## Task statement
The task for the listing below is to write out exactly the lines starting at the one containing "W łazience nowoczesne" and ending at the one containing "この4ステップを経て、ようや", both included. Pictures are to be omitted.

## Provided entries
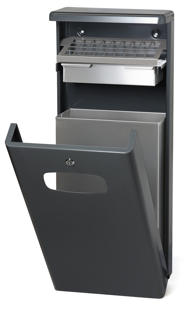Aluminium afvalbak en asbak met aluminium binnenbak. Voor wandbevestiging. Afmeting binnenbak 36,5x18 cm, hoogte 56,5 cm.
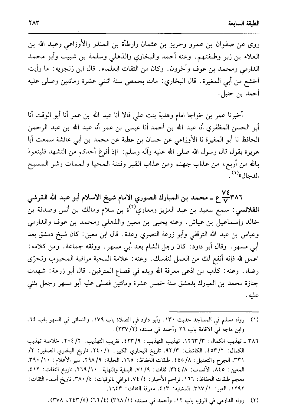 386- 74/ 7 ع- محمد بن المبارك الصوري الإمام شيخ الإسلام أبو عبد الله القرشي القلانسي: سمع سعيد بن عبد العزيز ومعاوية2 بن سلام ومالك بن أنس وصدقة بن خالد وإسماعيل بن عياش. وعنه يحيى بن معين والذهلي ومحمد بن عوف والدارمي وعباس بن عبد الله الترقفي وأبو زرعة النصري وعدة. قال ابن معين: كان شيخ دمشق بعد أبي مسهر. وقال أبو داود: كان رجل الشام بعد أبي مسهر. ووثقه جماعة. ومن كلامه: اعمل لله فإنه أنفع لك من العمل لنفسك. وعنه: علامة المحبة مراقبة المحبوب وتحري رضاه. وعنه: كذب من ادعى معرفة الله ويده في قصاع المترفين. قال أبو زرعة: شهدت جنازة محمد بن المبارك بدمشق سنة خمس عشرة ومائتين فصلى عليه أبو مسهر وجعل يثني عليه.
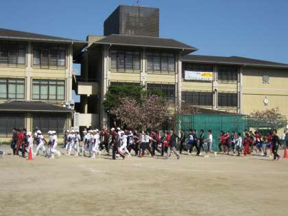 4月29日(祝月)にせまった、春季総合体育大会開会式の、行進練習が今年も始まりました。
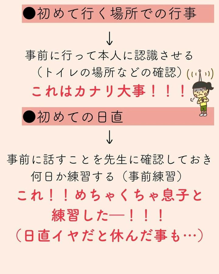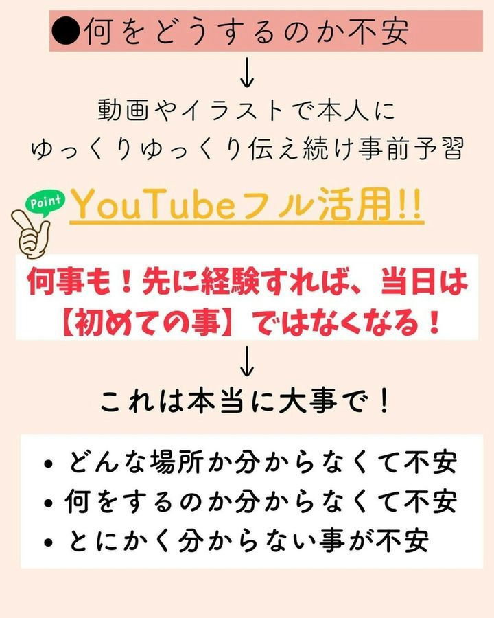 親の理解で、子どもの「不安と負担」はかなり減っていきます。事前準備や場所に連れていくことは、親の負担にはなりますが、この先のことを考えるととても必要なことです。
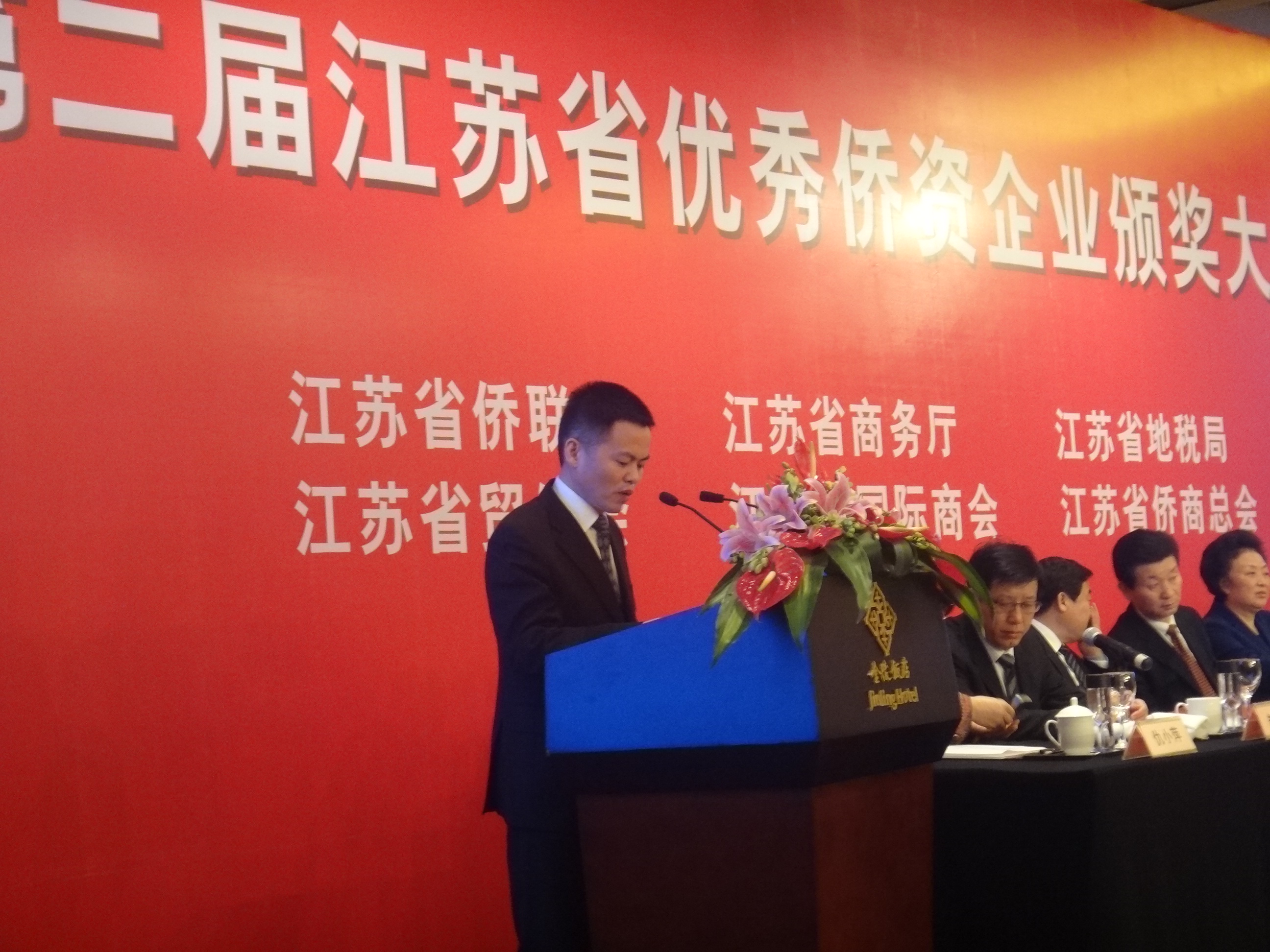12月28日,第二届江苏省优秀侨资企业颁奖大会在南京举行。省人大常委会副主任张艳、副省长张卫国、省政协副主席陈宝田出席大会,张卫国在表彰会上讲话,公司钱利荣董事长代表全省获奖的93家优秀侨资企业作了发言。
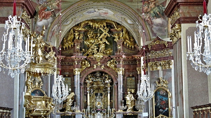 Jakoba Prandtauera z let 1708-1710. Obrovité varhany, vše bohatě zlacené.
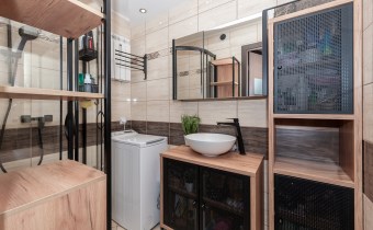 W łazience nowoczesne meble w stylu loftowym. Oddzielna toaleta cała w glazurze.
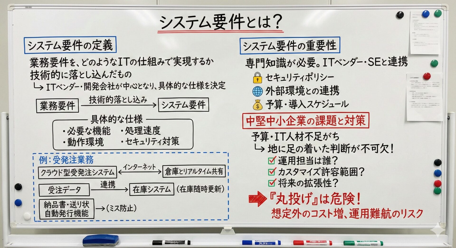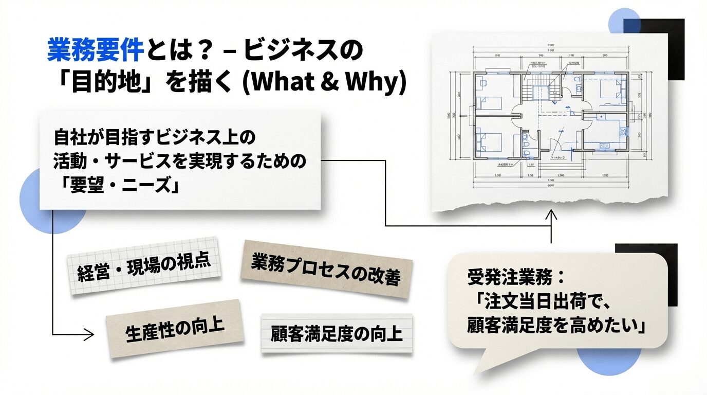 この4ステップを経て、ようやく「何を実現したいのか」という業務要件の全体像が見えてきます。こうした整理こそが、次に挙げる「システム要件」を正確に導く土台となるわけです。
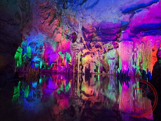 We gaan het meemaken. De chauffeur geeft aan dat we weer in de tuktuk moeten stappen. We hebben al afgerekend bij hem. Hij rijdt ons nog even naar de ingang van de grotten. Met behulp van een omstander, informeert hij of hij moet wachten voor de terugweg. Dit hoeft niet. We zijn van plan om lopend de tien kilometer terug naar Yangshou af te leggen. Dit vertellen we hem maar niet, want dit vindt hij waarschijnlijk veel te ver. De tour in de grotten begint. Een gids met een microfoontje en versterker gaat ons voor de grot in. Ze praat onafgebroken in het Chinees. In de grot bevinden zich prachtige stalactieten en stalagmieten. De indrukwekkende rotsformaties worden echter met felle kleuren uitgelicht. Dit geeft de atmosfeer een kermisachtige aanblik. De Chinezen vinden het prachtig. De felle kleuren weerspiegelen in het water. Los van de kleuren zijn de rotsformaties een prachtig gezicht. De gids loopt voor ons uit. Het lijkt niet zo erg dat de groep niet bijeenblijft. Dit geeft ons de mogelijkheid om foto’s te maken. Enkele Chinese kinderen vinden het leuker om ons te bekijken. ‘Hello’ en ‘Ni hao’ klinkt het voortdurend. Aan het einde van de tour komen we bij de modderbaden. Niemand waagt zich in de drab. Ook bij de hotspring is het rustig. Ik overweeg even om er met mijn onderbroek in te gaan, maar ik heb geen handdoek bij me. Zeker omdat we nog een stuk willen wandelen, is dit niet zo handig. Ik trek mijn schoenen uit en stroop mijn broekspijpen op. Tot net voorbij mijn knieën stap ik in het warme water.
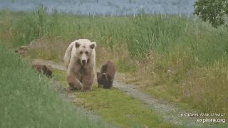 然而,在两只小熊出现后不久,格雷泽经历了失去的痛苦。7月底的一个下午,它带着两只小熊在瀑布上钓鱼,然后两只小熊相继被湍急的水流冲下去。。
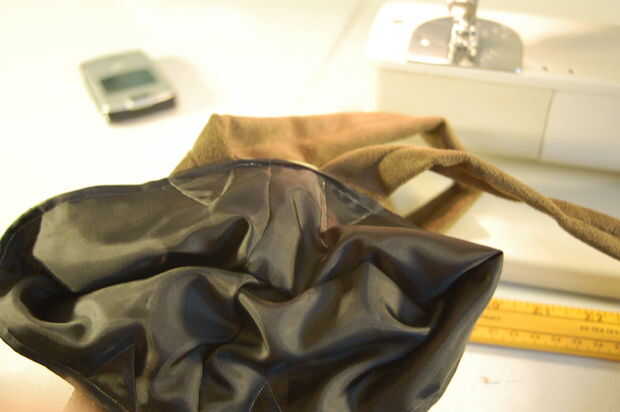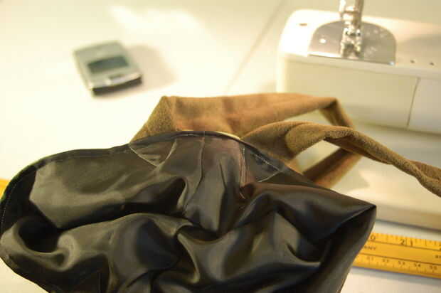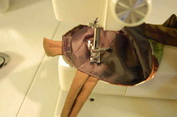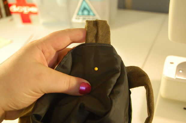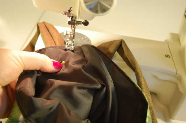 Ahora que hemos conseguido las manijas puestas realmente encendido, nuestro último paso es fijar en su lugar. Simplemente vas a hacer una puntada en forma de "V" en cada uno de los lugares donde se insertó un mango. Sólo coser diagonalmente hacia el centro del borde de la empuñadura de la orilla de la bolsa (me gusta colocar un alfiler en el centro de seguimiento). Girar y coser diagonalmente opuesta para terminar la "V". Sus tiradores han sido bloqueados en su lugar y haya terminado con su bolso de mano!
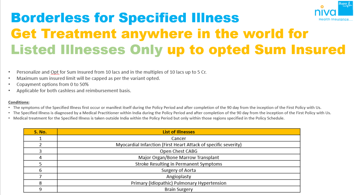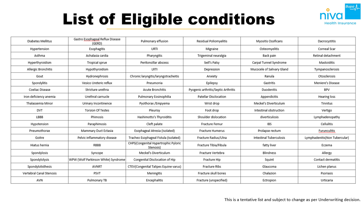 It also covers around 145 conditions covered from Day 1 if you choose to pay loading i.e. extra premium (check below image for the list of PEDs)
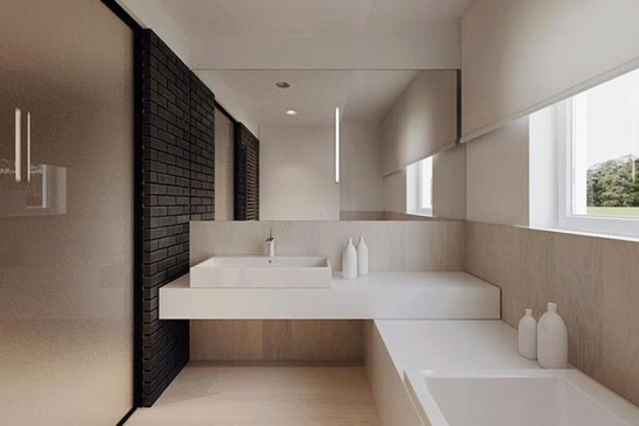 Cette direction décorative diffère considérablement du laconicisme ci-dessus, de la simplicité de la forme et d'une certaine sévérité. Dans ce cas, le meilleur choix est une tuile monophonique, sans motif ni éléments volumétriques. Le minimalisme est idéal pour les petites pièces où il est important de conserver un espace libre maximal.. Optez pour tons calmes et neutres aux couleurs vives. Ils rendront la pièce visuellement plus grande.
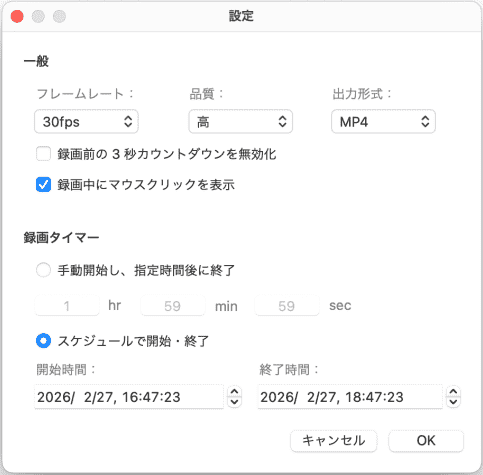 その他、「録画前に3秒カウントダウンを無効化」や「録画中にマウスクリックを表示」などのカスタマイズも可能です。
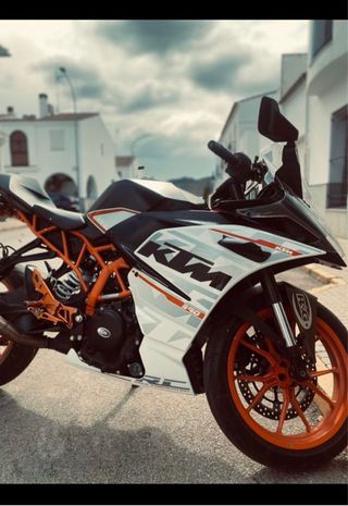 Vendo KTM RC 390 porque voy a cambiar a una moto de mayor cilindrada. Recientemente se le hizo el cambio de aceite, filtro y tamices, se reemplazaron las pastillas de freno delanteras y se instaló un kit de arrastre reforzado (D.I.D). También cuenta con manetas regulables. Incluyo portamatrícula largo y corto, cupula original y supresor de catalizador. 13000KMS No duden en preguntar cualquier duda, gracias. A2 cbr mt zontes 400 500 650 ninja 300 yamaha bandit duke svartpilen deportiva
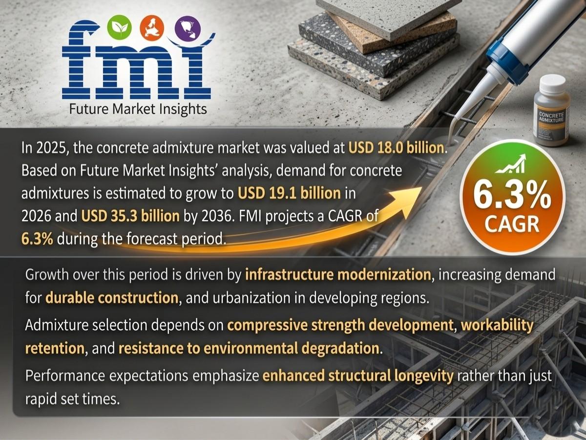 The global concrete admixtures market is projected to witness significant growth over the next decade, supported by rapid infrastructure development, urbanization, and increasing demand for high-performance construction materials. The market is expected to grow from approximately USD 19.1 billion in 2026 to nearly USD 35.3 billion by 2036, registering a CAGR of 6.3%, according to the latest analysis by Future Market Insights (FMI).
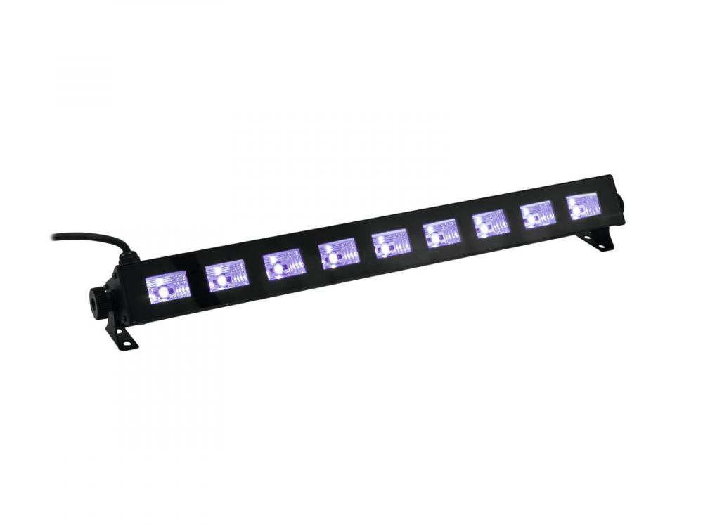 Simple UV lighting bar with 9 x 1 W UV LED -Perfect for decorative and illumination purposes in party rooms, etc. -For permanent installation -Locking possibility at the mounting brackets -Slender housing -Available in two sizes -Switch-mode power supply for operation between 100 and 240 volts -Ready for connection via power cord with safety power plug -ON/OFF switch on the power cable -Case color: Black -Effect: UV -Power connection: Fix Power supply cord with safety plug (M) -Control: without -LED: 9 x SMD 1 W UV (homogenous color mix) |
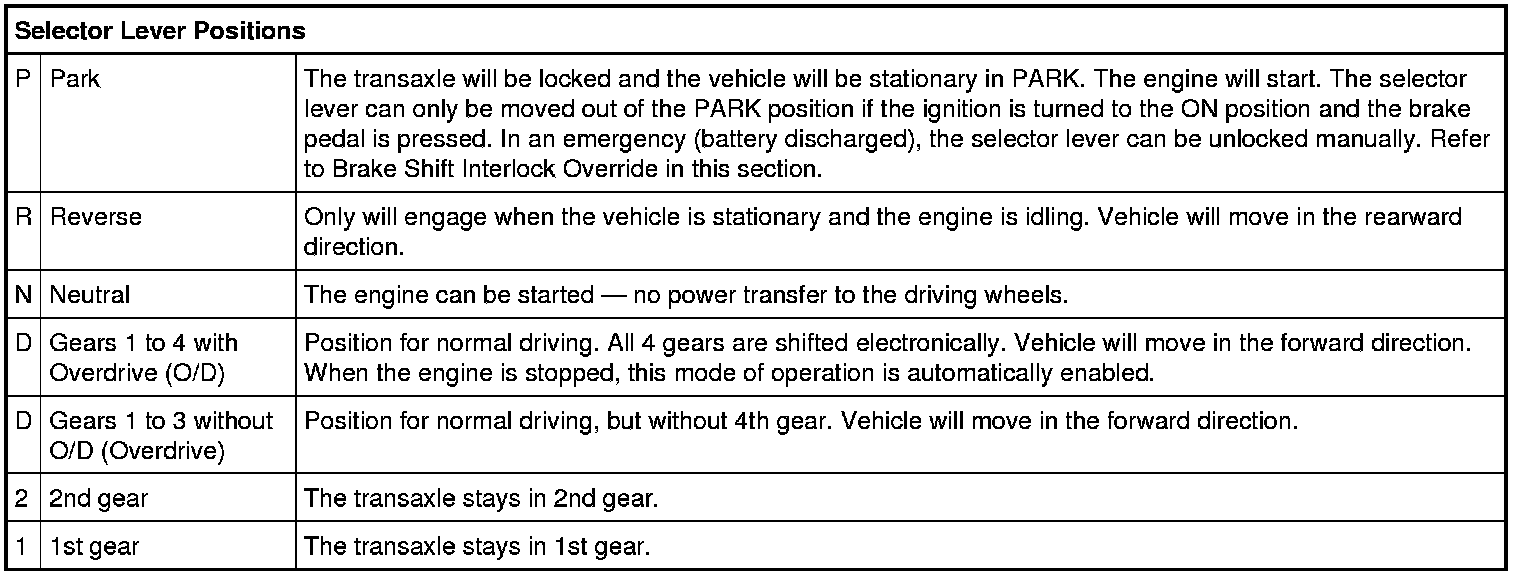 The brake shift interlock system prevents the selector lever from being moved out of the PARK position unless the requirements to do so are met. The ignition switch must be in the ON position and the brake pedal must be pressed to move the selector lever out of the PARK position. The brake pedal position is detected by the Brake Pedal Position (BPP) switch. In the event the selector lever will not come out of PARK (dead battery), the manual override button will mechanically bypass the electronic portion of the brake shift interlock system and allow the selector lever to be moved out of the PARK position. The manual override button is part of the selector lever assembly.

## Expected output
 W łazience nowoczesne meble w stylu loftowym. Oddzielna toaleta cała w glazurze.
 この4ステップを経て、ようやく「何を実現したいのか」という業務要件の全体像が見えてきます。こうした整理こそが、次に挙げる「システム要件」を正確に導く土台となるわけです。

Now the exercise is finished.